* Task directions:
Write every line below out again, exactly as given, but leave out the pictures.

* Collected data:
___

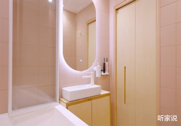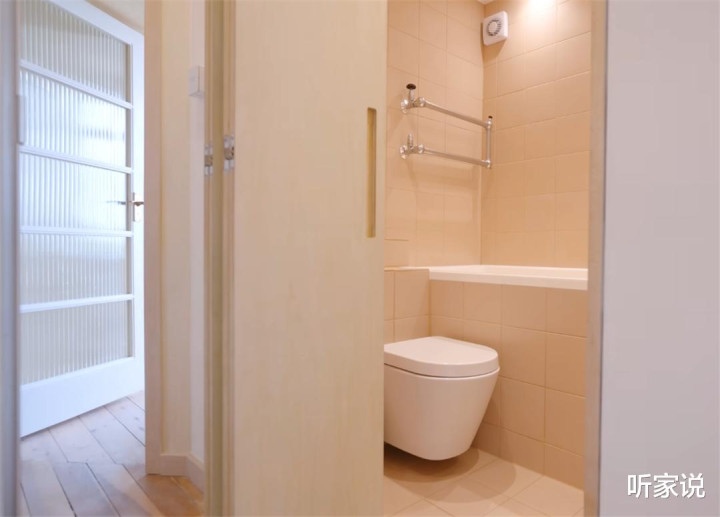 不外好在浴缸的存在,也相配于是个自然的淋浴区,在上头加装一说念折叠玻璃扇,就能终了干湿分区,幸免洗沐时把水溅获取处都是。
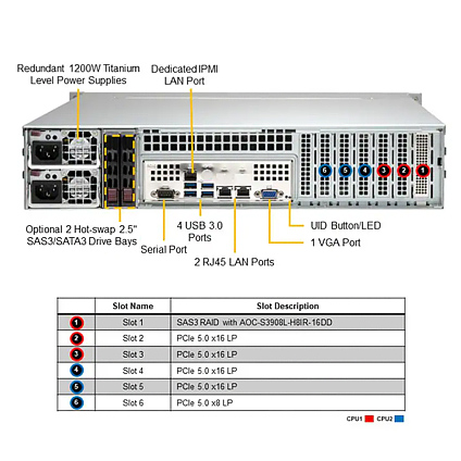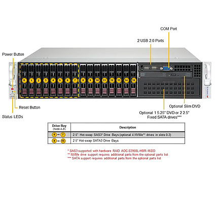 - 16x Hot-swap 2.5" Drive Bays with 8 SAS RAID (0, 1, 5, 6, 10, 50, 60) and 8 SATA Drive Support
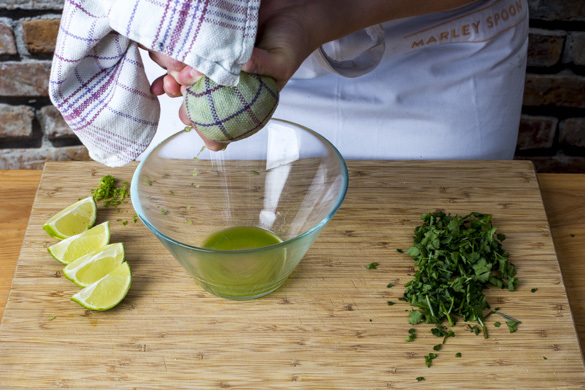 Inzwischen die Gurke mit einer Küchenreibe grob raspeln und mithilfe eines Küchentuchs gut auswringen. Die Limettenschale fein abreiben, dann die Limette in Spalten schneiden. Den Koriander samt Stängeln grob schneiden.

___

* Task output:
 不外好在浴缸的存在,也相配于是个自然的淋浴区,在上头加装一说念折叠玻璃扇,就能终了干湿分区,幸免洗沐时把水溅获取处都是。
 - 16x Hot-swap 2.5" Drive Bays with 8 SAS RAID (0, 1, 5, 6, 10, 50, 60) and 8 SATA Drive Support
 Inzwischen die Gurke mit einer Küchenreibe grob raspeln und mithilfe eines Küchentuchs gut auswringen. Die Limettenschale fein abreiben, dann die Limette in Spalten schneiden. Den Koriander samt Stängeln grob schneiden.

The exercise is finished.